I think a sump is what I'm more leaning to with three 40 - 50L tanks especially if I get as much success with the amount of shrimp I have to what I started with but its the plumbing I'm a bit lost on 😬😵
 

Mrs S.Shrimply

Member
Thread starter
Joined
12 Jul 2021
Messages
33
Location
Bristol
The only problem with using one filter for several tanks is that if you have any kind of problem it will affect all the tanks. Personally I think I’d go with a sponge filter in each tank
Totally agree your right. My idea behind the sump is around having one heater not multiple to reduce running cost of them but if I want different coloured shrimp that wont interbreed I guess that might have to be the sacrifice I make 😅
 

sparkyweasel

Member
Joined
30 Jun 2011
Messages
2,082
having one heater not multiple to reduce running cost
They are thermostatically controlled, so they will only use the amount of electricity needed to keep the tanks at the temperature you set them for. The total running cost will be the same.
If you do go for a sump you can use two heaters. (Two in each tank can be too ugly and hard to hide).
If you need (for instance) 200 Watts for the total water volume, you can use two 100W heaters. That way, if one fails, you still have some heating and it will take a while before the temp drops to a dangerous level, giving you time to replace the dead heater. And if one heater should stick 'on' it will take a long time for the tanks to overheat and again you can spot the problem and fix it before it becomes a disaster.
Heater failure is rare, but if you have a sump it's so easy to take this precaution against it.

For running cost, the size and number of heaters doesn't really matter as long as they are up to the job. It's a question of how much water you have (which will be a bit more with a sump) and how much warmer the water is than the room. Whatever plants and livestock you choose there will be a range of temperatures in which they will be happy. There's a lot to be said for running your tanks near the lower end of that range. Including;
lower heating costs
more oxygen can dissolve in the water, - good for livestock and biofiltration
more CO2 can dissolve in the water, - good for plants
hth
 

zozo

Member
Joined
16 Apr 2015
Messages
8,006
Location
Netherlands
Hi @Mrs S.Shrimply :) shrimps are pretty hardy creatures especially the Neocardina sp. do not require any heating.
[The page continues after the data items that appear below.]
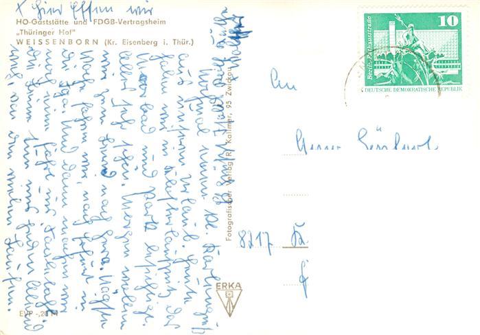 73895495 Weissenborn Thueringen Bad Klosterlausnitz Panorama HOG und FDGB Vertragsheim Thueringer Hof Gastraum postalisch gelaufen Erhaltung siehe scans [WerneD78] alte Postkarte Wern Katcode 11110016074003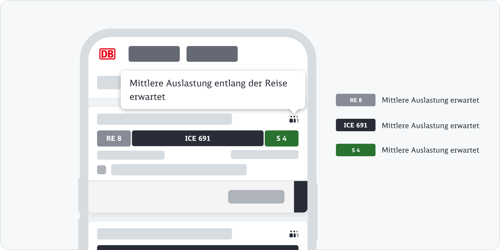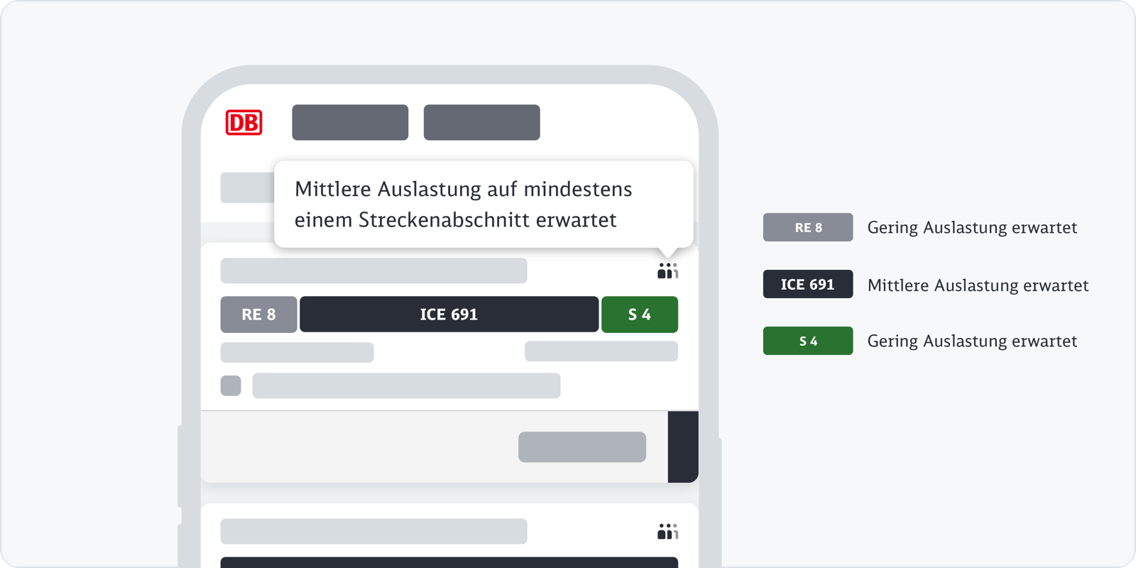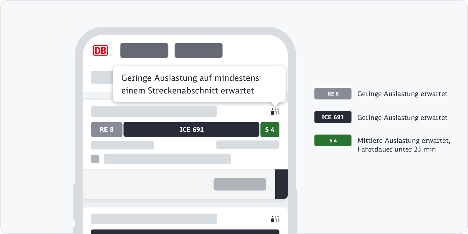 In unseren Web- oder App-Kanälen stellen wir die verschiedenen Reisemöglichkeiten in der Verbindungsübersicht dar. Über die Verbindungskachel stellen wir eine Reise dar. Eine Verbindung kann aus einer Fahrt bestehen oder sich aus mehreren Teilstrecken zusammensetzen. Wir geben bereits in der Verbindungsübersicht die Auslastungsinformation für Fernverkehr und Regionalverkehr an.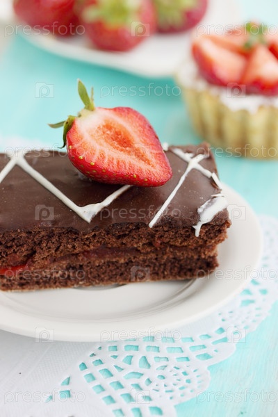 Шоколадный кекс с кремом и свежей клубникой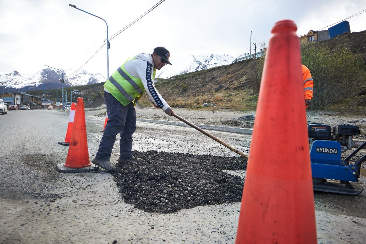 Ushuaia 15/10/2025.- La Municipalidad de Ushuaia, a través de la Secretaría de Inversión y Planificación Pública, da continuidad al plan de bacheo de calles y avenidas que se puso en marcha tiempo atrás con la mejora de las condiciones climáticas y se intensificó con la finalización de la temporada invernal.

I've kept them outdoors all year long and they happily propagate and actually grew bigger with better colouring than they do indoors. The better or different colouring could be from a different diet that grows naturally in outdoor environments, which I don't know. But temperature-wise they really do not mind it and easily take pretty low temperatures.
Indoors the water generally won't go below 15°C in an unheated room.

Filtering wise shrimps create a rather low bioload and don't need such a massive filtering capacity. But you might want to look into the Hamburger matten filter. And combine this with a jet airlift pump. These are actually for sale and or very easy to DIY.


Then split up the tubing of 1 air pump to run all 3 airlifts.

HMF filters are pretty sufficient and shrimps will love the sponge wall to graze upon, it will provide an extra welcome food source for them. And you also could plant the sponge wall with mosses and epiphytes to hide them away.

I guess such a setup is much easier to install it might meet your energy bill better all 3 tanks run on 1 air pump. Heating ain't really an issue but if you still want that. For a 50 litre tank, a 50-watt heater might do you can hide behind the sponge wall. 3 tanks would require a 3 x 50-watt heater. Going over one sump with 3 x 50 litres and one heater will require a stronger 150-watt heater. That will actually break about even in running costs.
 
Last edited:

Mrs S.Shrimply

Member
Thread starter
Joined
12 Jul 2021
Messages
33
Location
Bristol
Sorry guys for my slow replies been busy with life duties but really appreciate everyone's feedback. I restasure I have been following and it has given me a lot lot to think about. I think my issues has been making this project of mine far to complex then needs to be going off what I've read online. My whole original plan was to breed shrimp, I started this hobby off with 145L ish tank with great success for my standards starting off with 4 to 14 to 130+ red cherry shrimp got so many now having issues counting how many I got 😂. I wanted to get more colours with out the risk of interbreeding and making the electric bill go up 😅 ( utilities companies & there aky high rates). The reason for the choice of a 50L tank was apparently 10 gallons is a good middle ground for Shrimp breeding tank but if I can replicate the success I've had so far in a 30L tank in terms of numbers I'll be one happy lady 😁.
 

Greengeek

Member
Joined
27 Mar 2020
Messages
53
Location
Fareham, Hampshire
Just my experience with a sump Pros and Cons

Pros
Larger volume of water = more stability
You can hide unsightly equipment in the sump out of sight.
You can use more filter media and taylor it to your needs
Use can sometimes build a chamber to house fish, fry etc away from bully’s or predation.
So much easier to clean out the media when you don’t need to undo canisters.

Cons
Floods! I’ve flooded my room probably 400 time in 6 years 🤣. You have to get the levels right in the event of a power cut….or forgetting to turn off RO unit 🤪
It’s a good idea to use a Auto Top Off to prevent evaporation and pump return chamber running down.

Just to add this might not be a issue in smaller systems but my tank and sump holds about 1,500l and CO2 is costly I think the sumps gravity feed really oxgenates the water driving out the CO2 much more efficiently than closed canisters.